[Stored dataset items]
· · · · · · ·
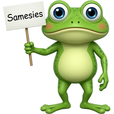 Pepe the frog holding up a sign that says "Samesies"" emoji
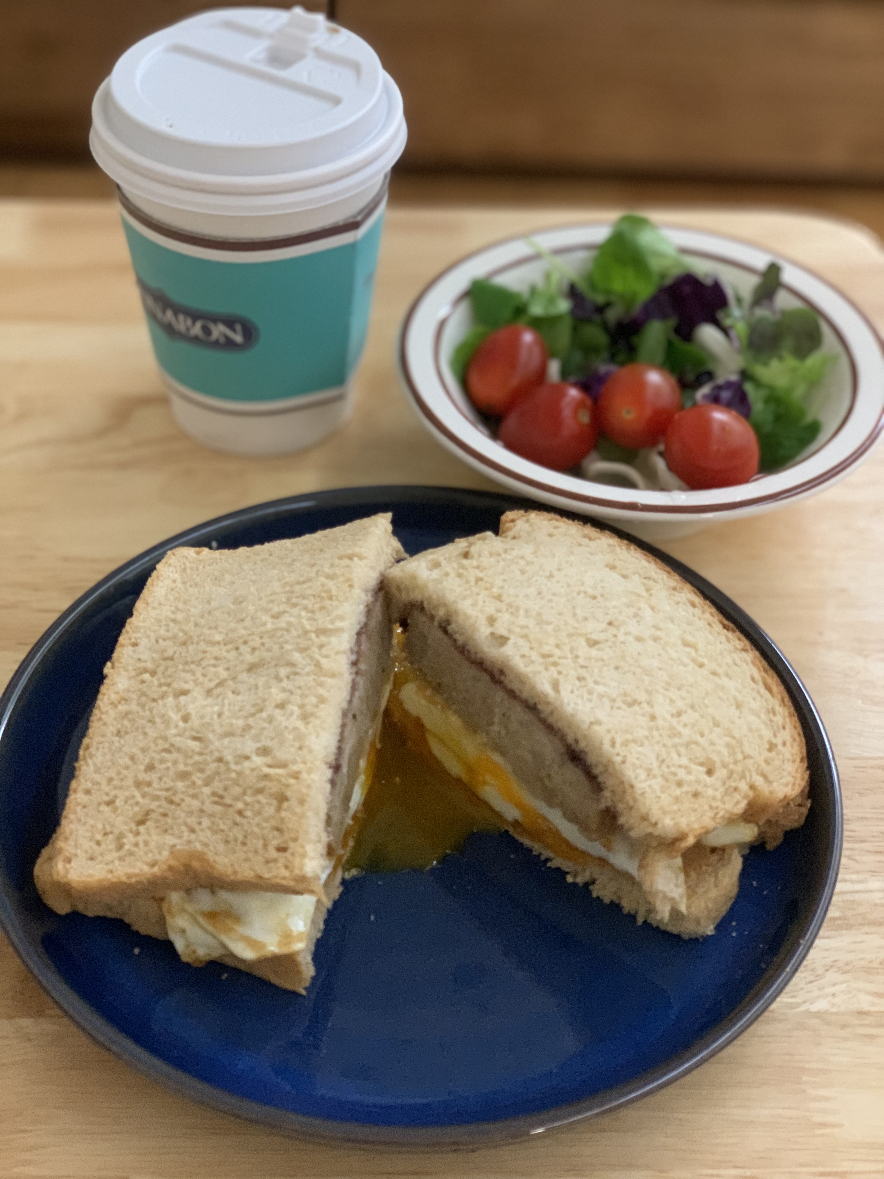 통밀식빵 2 + 후라이2 + 토마토 + 샐러드 + #바르닭 직화 그릴 닭가슴살 스테이크 갈릭&갈비맛 + 서울숲에서 주차비때매 사온 커피
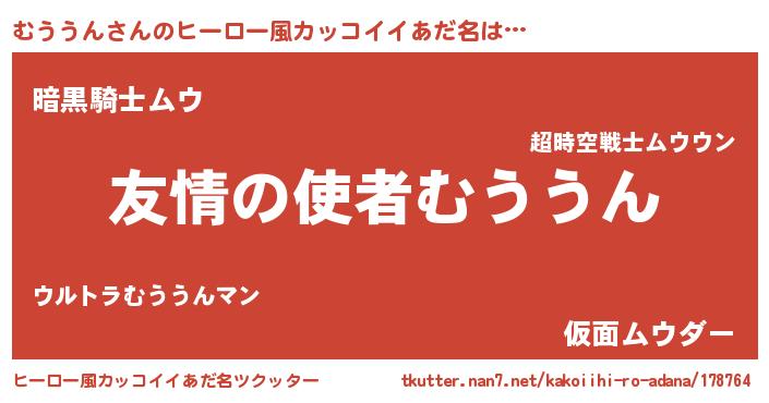 | 男性向けラノベタイトル風あだ名 | 『おまえをオタクにしてやるから、俺をむううんにしてくれ! 』 |
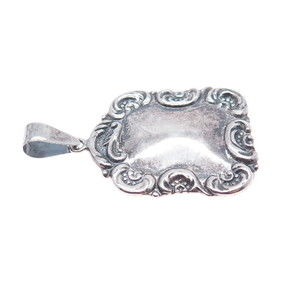 925 Sterling Silver Vintage Floral Repousse Oxidized Charm Pendant
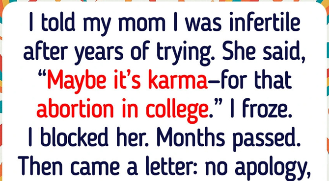 I was diagnosed with infertility after years of trying. It shattered me. I finally opened up to my mom, hoping for comfort. She said, “Well, maybe it’s karma for getting that abortion in college. Life has a way of teaching us lessons.”
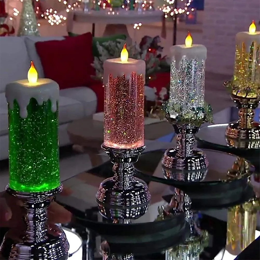 Color Changing LED Flameless Votive Candle with Glitter Creative Water Effect Lamp
· · · · · · ·
HOW TO COMPLETE THIS TASK: Copy the data precisely. Skip every picture.

TASK RESPONSE:
 Pepe the frog holding up a sign that says "Samesies"" emoji
 통밀식빵 2 + 후라이2 + 토마토 + 샐러드 + #바르닭 직화 그릴 닭가슴살 스테이크 갈릭&갈비맛 + 서울숲에서 주차비때매 사온 커피
 | 男性向けラノベタイトル風あだ名 | 『おまえをオタクにしてやるから、俺をむううんにしてくれ! 』 |
 925 Sterling Silver Vintage Floral Repousse Oxidized Charm Pendant
 I was diagnosed with infertility after years of trying. It shattered me. I finally opened up to my mom, hoping for comfort. She said, “Well, maybe it’s karma for getting that abortion in college. Life has a way of teaching us lessons.”
 Color Changing LED Flameless Votive Candle with Glitter Creative Water Effect Lamp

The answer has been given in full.